About 1 o’clock we could see the loom of St. Catherine’s and Portland Bill lights and fairly shortly afterwards Anvil Point light. It was clear that we were too far east and, while we could have gone for a Solent port, we preferred to press on for Poole and baths and dry clothing — additionally I was a little worried about Zoë in case she suffered from hypothermia as the least robust among us. So as daylight came and Anvil Light could be seen directly, we furled jib and mizzen and motored into the teeth of the wind. We all felt a bit low and even I had to take some Stugeron for seasickness. The night was very clear and cold and we were too cold to sleep and spray was still coming in regularly. Anvil light had seemed very close but in fact it was several hours before we closed the point and just as we did so, our forestay came loose. David claimed it was broken so we lowered the mainmast — we were on engine in any case. In fact all that had come away was a split pin which we could have easily replaced. It shows the effect of cold and tiredness — all our hands were swollen by then from exposure and it hurt to use them.

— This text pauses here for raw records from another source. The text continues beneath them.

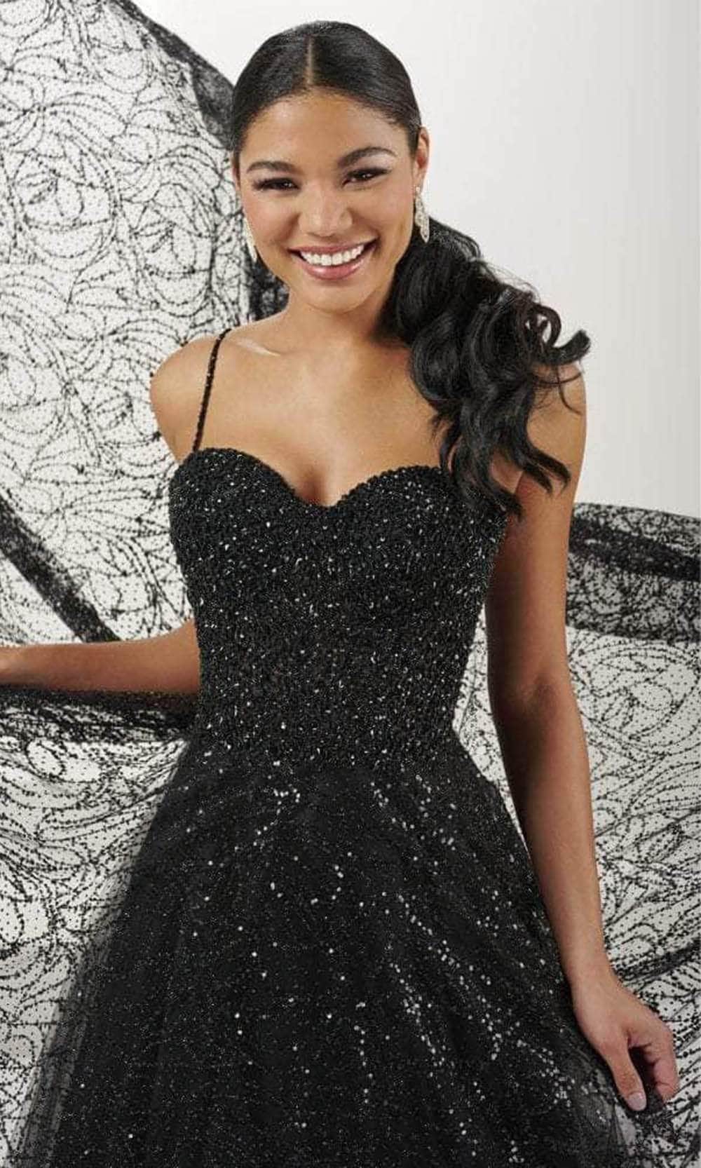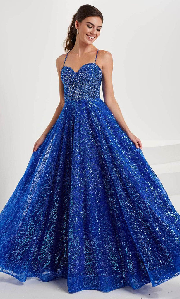 Steal the show in this mesmerizingly feminine Tiffany Designs 16088 masterpiece. From top to bottom, this sleeveless gown is radiantly encrusted with a blend of intricate beadworks and sequins. Featuring delicate spaghetti straps and sweetheart neckline as well as a low cut open back. It also has a center back zipper closure to guarantees a secure fit. The sparkle tulle skirt effortlessly glides to the floor in a superb ballgown silhouette, completed with an ethereal sweeping train and horsehair hemline. Fall in love when you slip on this Tiffany Designs 16088 gown. Models are wearing the Royal, and Black colors.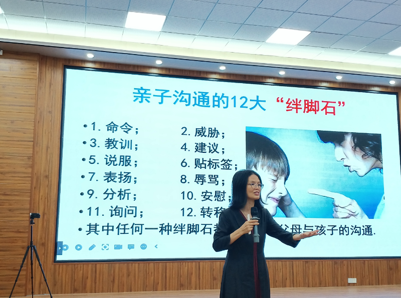 在专题讲座中,教师代表梁剑玲通过现场采访家长,让家长结合案例分享自己的做法,让家长们明白怎样的沟通方式才能形成良好的亲子关系。现场家长表示获益良多。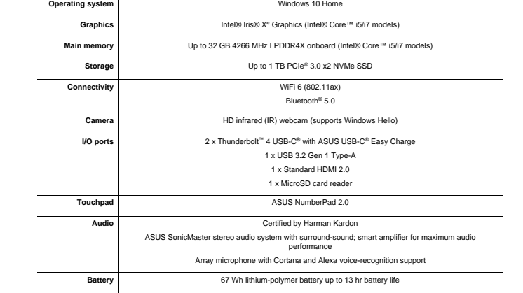 ZenBook 13 OLED features an ASUS ClearVoice Mic with AI-trained noise-canceling technology to ensure clear voice outgoing communications in online meetings or internet voice calls. They also use ASUS ClearVoice Speaker technology to filter out ambient noise from incoming audio streams.
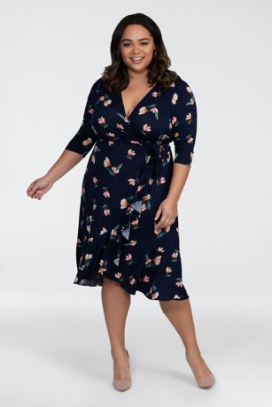 Printed Cascading Plus Size Wrap Dress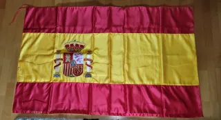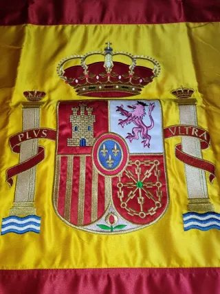 Gran bandera españa de 1'55 oficial de despacho de cuartel militar ,en seda raso de gran calidad escudo bordado Impecable insignia rey emblema condecoración división azul franquista franquismo distintivo alemania alemán hitler segunda mundial borgoña Juan Carlos Andrés cruz antiguo vintage uniforme laureada falange reyes católicos Isabel Fernando yugo flechas felipe Alfonso trece permanencia ifni Sáhara misión 1936 año40 carlista requeté numismática filatelia sello moneda colección coleccionismo recreación general tropa soldado ONU OTAN ejército tierra mar aire sargento capitán dictadura pin armada guerra civil arma tercios medalla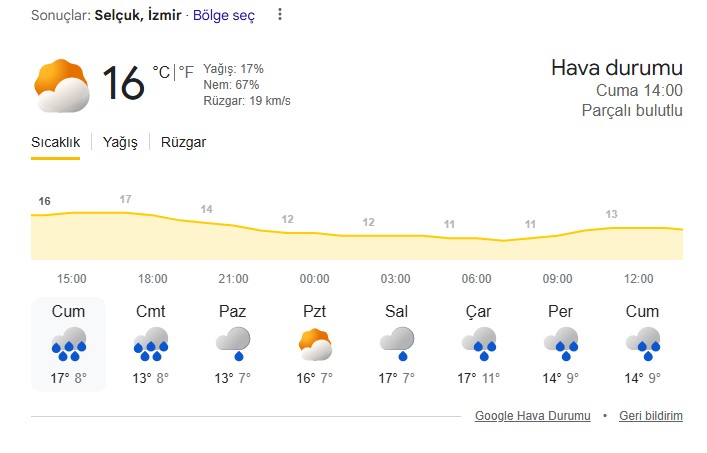Özellikle Selçuk (Efes) bölgesinde Cumartesi günü öğle saatlerinden itibaren yağışın etkisini artırması bekleniyor. Tahminlere göre Selçuk’ta gün boyu sıcaklıklar 10-18 derece bandında seyredecek ancak nem oranının yüksekliği ve rüzgarın hızı açık alan faaliyetlerini olumsuz etkileyebilir.

So finally, cold, wet, but triumphant we arrived at Poole after about 23 hours at sea and phoned to say we had got back. Our wet clothes almost completely covered my mother’s lawn — Zoë had 12 layers of clothing!

To talk some generalities — we should have had better waterproofs. Otherwise our equipment was fine and we never missed being able to cook. Our barometer was not really used but was consoling in its steadiness. I had bought the Seafix RDF because of the prevalence of fog in the Channel Islands and was very glad to have it. The echo sounder gave confirmation of our position and was useful for finding our way into unknown anchorages. The plastic sextant was useful for distance off via vertical angles. Speed we guessed at, or used the ‘Dutchman’s log’ or a cheap plastic speedometer we had. I learnt how to use transits in the Channel Islands and to respect the force of the huge tides. We used the foghorn and radar reflector in earnest. We still haven’t used our sea anchor — fortunately. We used ‘Wet Notes’ for our navigation notes to use on route — but I would recommend anyone to buy just a refill pad rather than the whole wallet. This waterproof paper is a very good idea. Stugeron seasick pills were effective. Everyone took them at one time or another but there was a tendency not to take them till too late!

Would I do it again — I don’t know! I am now over 50 and this is a bit old to be doing these sort of voyages in an open boat. I certainly thoroughly enjoyed the cruise, and if I was doing it again in an open boat, could not choose a better boat than the Drascombe Lugger.